Работал Эдуард Бабаев тогда заместителем директора музея Толстого на Кропоткинской, которой теперь тоже вернули прежнее название: Пречистинка, был влюблен во Льва Николаевича, о ком, казалось, знал абсолютно всё, — во всяком случае, отвечал на любые вопросы и помогал отыскать цитату, когда к нему обращались за помощью. Он вообще очень много знал и был глубоким мыслителем, хотя не оставил философских трудов. Зато писал стихи и обаятельные детские книжки. Одну из них — «Чья это собака?» — у нас в семье очень любили, её много раз перечитывал сын, будучи младшим школьником. Когда у нас появилась собака, мы вспомнили эту волшебную книгу.

Потом Эдик перешёл в Московский университет, где стал любимцем студентов журфака. При его лекторском таланте, обширных знаниях и человеческой мягкости — иначе быть не могло. Когда я решил собрать свои довольно многочисленные работы по «Евгению Онегину» и защитить по ним диссертацию, Бабаев согласился быть у меня оппонентом. Мне это было очень важно в моральном отношении, потому что кроме человеческой теплоты и доброты Эдик был невероятно принципиален, когда дело шло о литературе, и, убеждён, он никогда не согласился бы оппонировать, если б диссертация ему не понравилась.

Он вызывался быть моим оппонентом и по докторской, но правила ВАКа не допускали, чтобы по обеим диссертациям в оппонентах числился один человек. В это время мы с ним крепко подружились. Я стал главным редактором «Литературы» — еженедельного приложения к газете «Первое сентября», и он часто украшал моё приложение своими занимательными литературоведческими статьями.

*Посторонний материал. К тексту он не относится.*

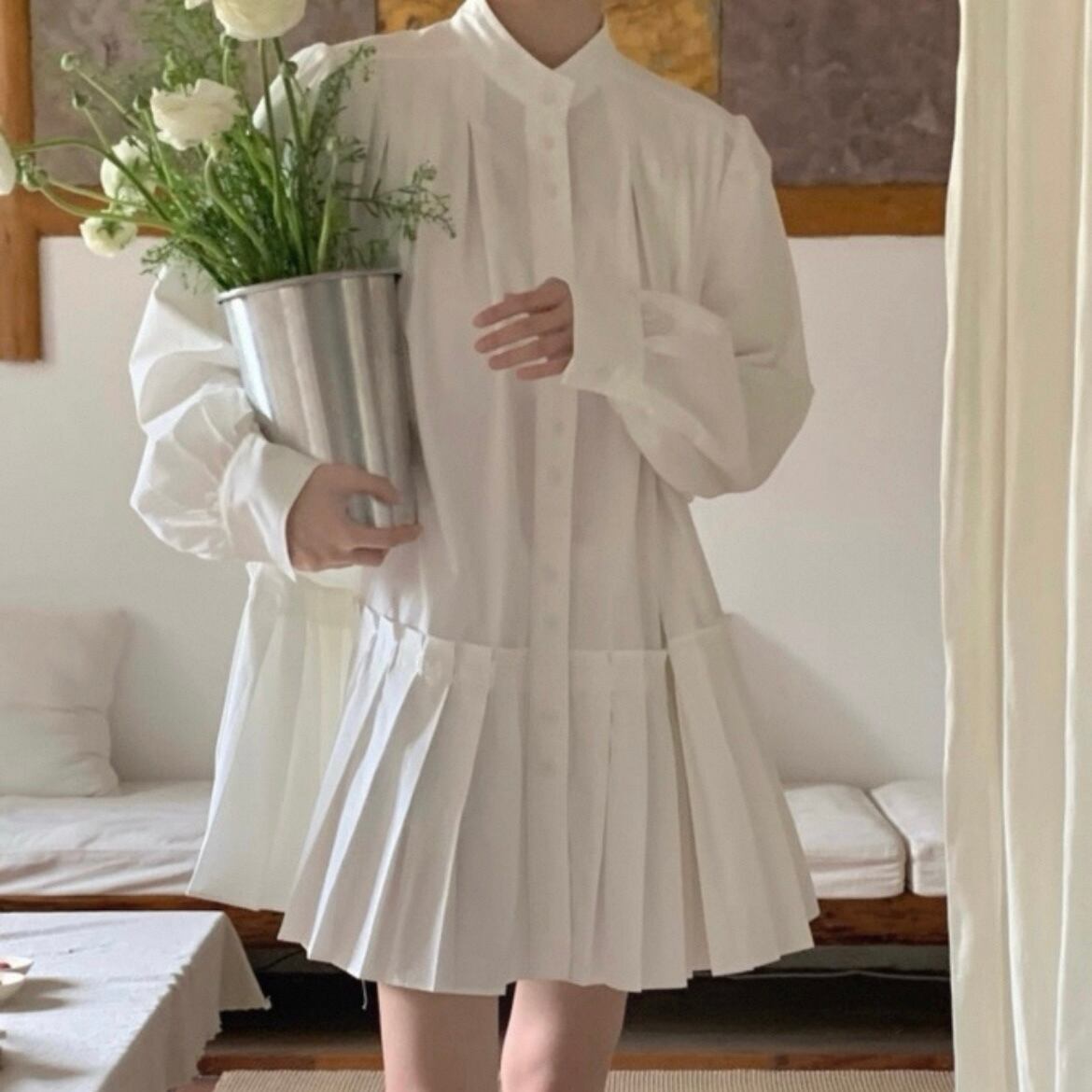 プリーツシャツワンピースで1枚で可愛く♡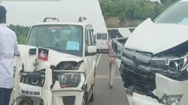 கார்கள் வேகமாக வந்த நிலையில், முன்னால் சென்ற கார் திடீரென டிராபிக் காரணமாக பிரேக் அடித்தது. 50 மீட்டர் இடைவெளி கூட விடாமல் அருகருகே கார்கள் சென்றதால் பின்னால் வந்த காரர்களால் பிரேக் போட முடியவில்லை. இதனால வரிசையாக கார்கள் மோதின. இதனால் அதிமுக கொடி கட்டிய கார்கள் 4 வரிசையாக மோதி முன் பக்கம் கடுமையாக சேதம் அடைந்தன.
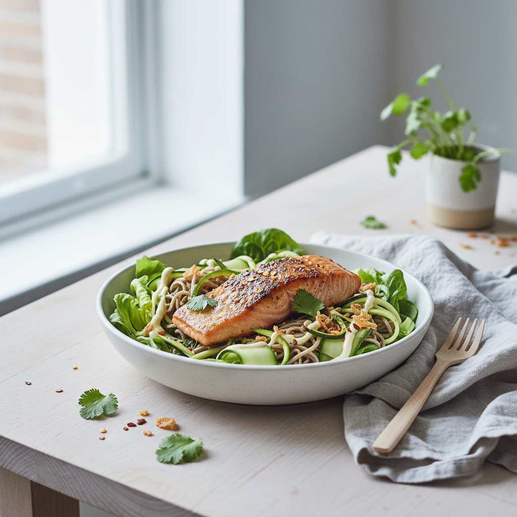 Sweet miso salmon baked to perfection, served over chilled soba noodles with crunchy veggies. A healthy and flavorful weeknight dinner.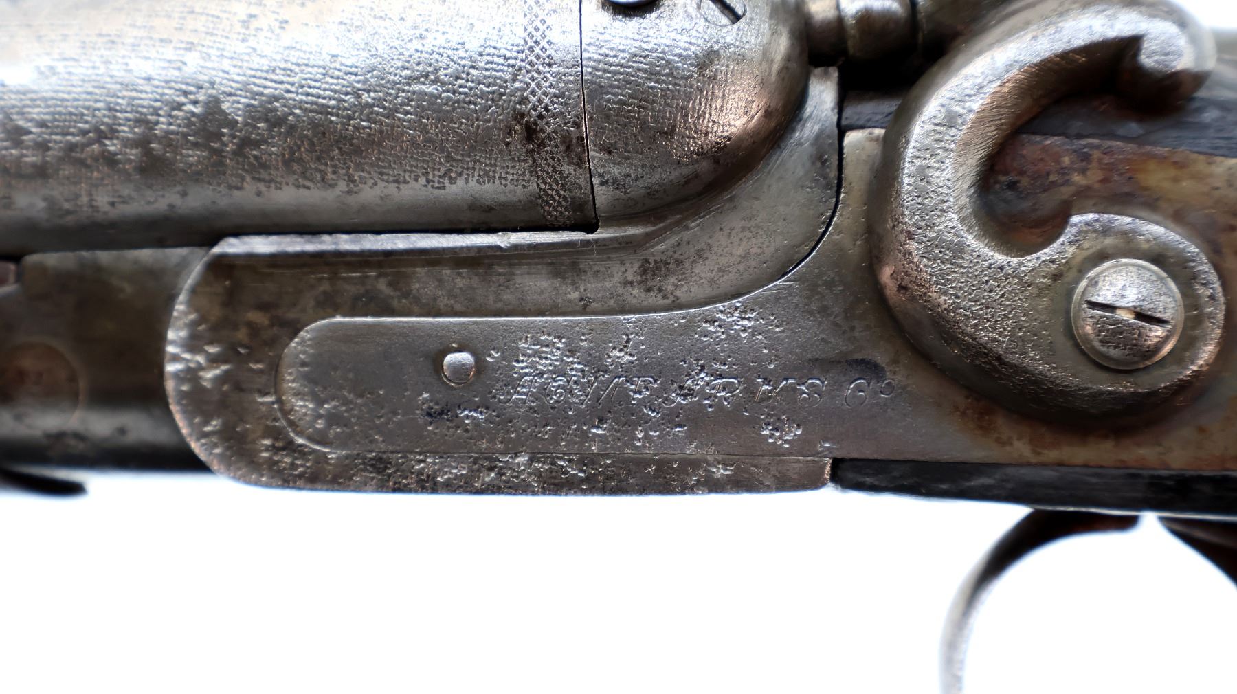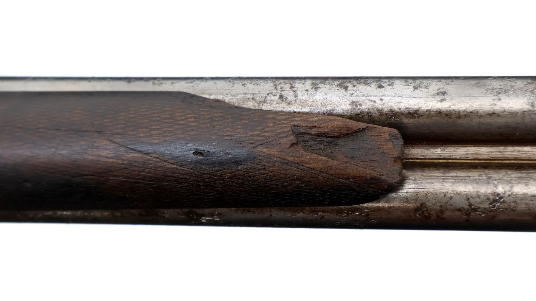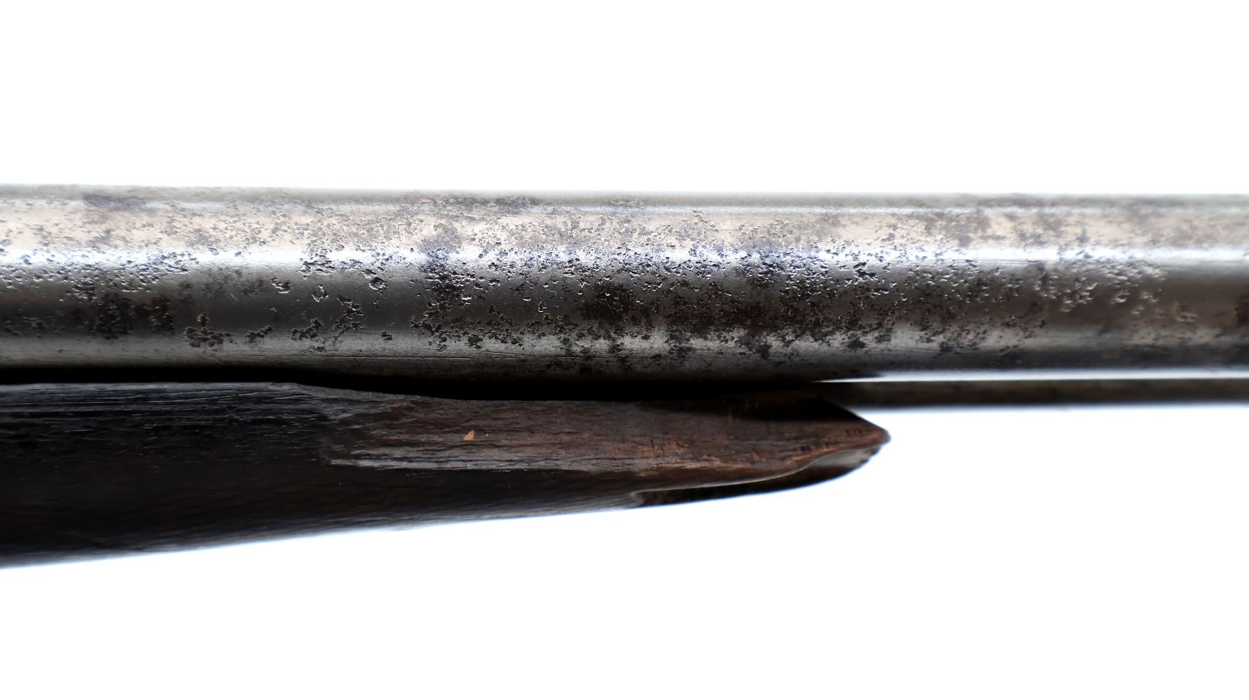 Wear: Metal finish turning silver grey with pitting, light rust speckles overall, scratches, handling marks and wear. Stocks show marks, scratches and wear.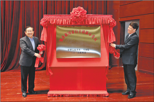 萬(wàn)鋼、謝伏瞻共同為鄭洛新國(guó)家自主創(chuàng)新示范區(qū)揭牌?萍疾扛辈块L(zhǎng)陰和俊宣讀了《國(guó)務(wù)院關(guān)于同意鄭洛新國(guó)家高新區(qū)建設(shè)國(guó)家自主創(chuàng)新示范區(qū)的批復(fù)》。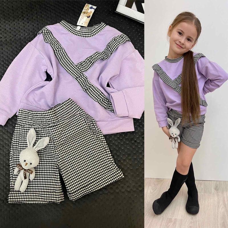 Цена 380грн🔥🔥🔥 Новые стильные костюмчики💜 В размерах:116-140 116:длина кофты 37, рукав от горловины 41,5см, длина шорт 27,5, пояс хорошо тянется, сама ткань тоже очень хорошо тянется 122:длина кофты 39, рукав 43, длина шорт 29см 128:длина кофты 41, рукав 45, длина шорт 30см 134:длина кофты 42, рукав 47, длина шорт 30см 140:длина кофты 45, рукав 50, длина шорт 31см Рукав замерный от горловины Игрушку можно снять

На праздновании пятилетия приложения в Центральном доме литераторов он выступил и рассказал, как в эвакуации в Средней Азии они подростками ходили по городу с будущим известным поэтом Валентином Берестовым и мечтали, чтобы когда-нибудь стала выходить газета занимательного литературоведения. Школьники любили книжки Перельмана «Занимательную физику», «Занимательную математику», а ничего подобного в гуманитарных науках не было. «У хорошей мечты, — закончил Бабаев, — есть такое свойство: иногда она сбывается».

Он пришёл ко мне в редакцию весной. Я хорошо помню, какой это был день недели — четверг. Он прочитал в наборной полосе свою статью о гоголевском капитане Копейкине, принёс мне новую — об «Эоловой арфе» В.Жуковского, а потом мы с ним гуляли по Маросейке, обсуждая предлагаемую им серию статей по занимательному литературоведению. Я проводил его до метро «Китай-город». А в субботу мне позвонила его жена Майя Михайловна и сказала, что ночью Эдуард Григорьевич умер от сердечного приступа…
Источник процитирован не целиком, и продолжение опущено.